Qu'est ce qu'on fait maintenant?

La grève du mois dernier, la manif d'aujourd'hui, ça met du baume au coeur, mais les effets escomptés se font attendre. C'est dur de voir ces événements réduits à un entrefilet dans les grands journaux, à des reportages de quelques secondes entre la guerre des prix des taxis et les motards en colère à la télé.

La mobilisation, le courage à l'échelle locale seraient peut-être plus efficaces pour qu'on en finisse avec cette réforme du collège dont le seul objectif est de faire des économies sur le dos des élèves.

Le ministère et ses sbires sont affligeants de mauvaise foi et de manipulations honteuses. Alors, imitons nos maîtres!

- Les formateurs désignés, conviés à devenir référents de la réforme peuvent refuser la mission qu'on veut leur imposer. Bien des collègues l'ont déjà fait. Il faut saluer leur courage, c'est jamais évident ce genre de démarche.

- Messieurs et mesdames les IPR, suivez l'exemple de l'un d'entre vous qui a, paraît-il, eu le courage de démissionner face à la bêtise de cette réforme et à l'entêtement de l'institution. Nul doute qu'une fois la réforme envoyée ad patres on vous réintègrera.

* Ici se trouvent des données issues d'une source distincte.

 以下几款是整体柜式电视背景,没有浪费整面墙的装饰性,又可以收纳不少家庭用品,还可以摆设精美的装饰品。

- Collègues twittos ou adeptes d'autres réseaux sociaux, pourrissez les blogs de campagne, pages facebook de vos élus qui ont voté contre le maintien des classes bilangues et euro. Voici le détail du scrutin . Si les têtes de liste aux régionales voient fleurir les torpilles dans leurs petites affaires bien à eux, ils feront peut-être pression sur le gouvernement.

- Dans les établissements, il y a peut-être moyen de trouver une façon d'exprimer notre hostilité au projet sans passer pour des fous furieux: convaincre les collègues de saborder les séances de formation prévues, conseil péda et autres : 1ère alternative: en pratiquant une politique de silence absolu. 2ème possibilité: parasiter le déroulement de ces réunions en multipliant des questions débiles ou hors sujet (par ex. demander aux intervenants de commenter une des nombreuses perles de MMe Florence Robine comme son magnifique "Les élèves n'ont pas forcément besoin d'enseignants pour apprendre".  

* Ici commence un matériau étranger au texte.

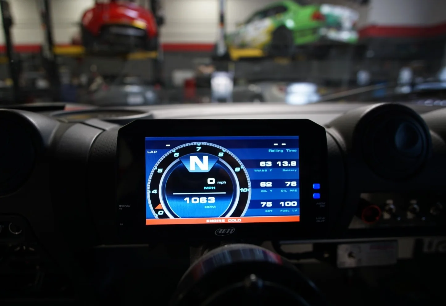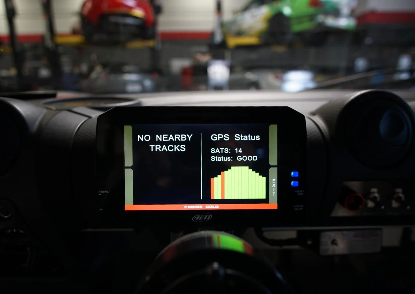 AiM’s color TFT display dash loggers can easily be seen even in direct sun light, so I decided to get rid of the instrument cowling and replace it with an airbag cover. There are menu buttons on the sides of the dash, so those would be difficult to access if it was tucked away behind a cowl.

Perso, je préfèrerais la 1ère solution: les rectorats ne sont pas en mesure de proposer techniquement la mise en oeuvre du collège 2016. Ils comptent sur nous pour qu'on trouve des solutions à l'organisation concrète. Ils n'oseront jamais le reconnaître, mais sans la collaboration des équipes  péda, leur machin est inapplicable. Je pense que l'institution pourrait reculer si on ne leur livre pas les solutions qu'ils attendent impatiemment, précisément au mois de décembre.

- On pourrait également envisager des actions locales: demander des audiences aux IPR pour aborder concrètement le sort de tous ces profs d'allemand qui vont se retrouver en sous-service l'an prochain. Ou encore  entreprendre des petites actions symboliques : aller déposer tous les manuels scolaires en réserve dans nos CDI qui vont devenir obsolètes dans des lieux à définir par ville ou par département. Ce genre de chose quoi. Au lieu de bouder la certification dont tout le monde se tamponne.

Chaque collège a ses particularités, si vous avez d'autres idées, vous pouvez les poster en commentaires.